Create Google Ads and Meta Campaigns in Plain English Using Claude or ChatGPT
Adspirer Team
Yes — you can describe a campaign to Claude or ChatGPT in plain English and have it built, structured, and ready for review in under a minute. Through Adspirer’s MCP connection, the AI reads your description, calls the ad platform APIs, creates every layer of the campaign, and pauses it for your approval before anything goes live.
Google Ads Manager has 23 distinct steps to launch a Search campaign. Here’s how to do it in one sentence.
That’s not marketing copy — it’s what happens when you connect Claude or ChatGPT to your ad accounts through Adspirer. You describe the campaign you want. The AI builds it. You review it. You approve it. It goes live.
No form-filling. No guessing which setting lives in which submenu. No switching between tabs to cross-reference documentation.
The capability that makes this possible is MCP (Model Context Protocol) — a standard that lets AI assistants call external tools and APIs directly from the chat interface. When you connect Adspirer to Claude or ChatGPT, the AI gains access to 200+ advertising tools that call the Google Ads and Meta Ads APIs on your behalf. You speak. The API responds. The campaign exists.

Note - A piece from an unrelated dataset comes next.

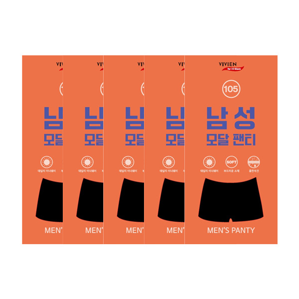 비비안 남성 모달 팬티 PT3452D (검정색 / 사이즈 105) x 5개

Want to try this now? Adspirer connects Claude and ChatGPT to Google Ads, Meta Ads, LinkedIn Ads, and TikTok Ads. Setup takes 2 minutes and nothing goes live without your approval. Start free →
What “Natural Language Campaign Setup” Actually Means
This isn’t AI generating a campaign plan you then copy into Ads Manager manually. And it isn’t a chatbot that fills in a template form for you.
When you describe a campaign to Claude or ChatGPT through Adspirer, the AI is making direct, authenticated API calls to Google Ads or Meta Ads on your behalf. It reads your description, extracts the structured parameters it needs (budget, locations, keywords, bid strategy, match types, objective), and calls the same APIs that Ads Manager uses in the background.
The difference from working in the UI is that you skip the interface entirely. You write one sentence — or a paragraph with all the details — and the AI handles the translation from human language to platform configuration.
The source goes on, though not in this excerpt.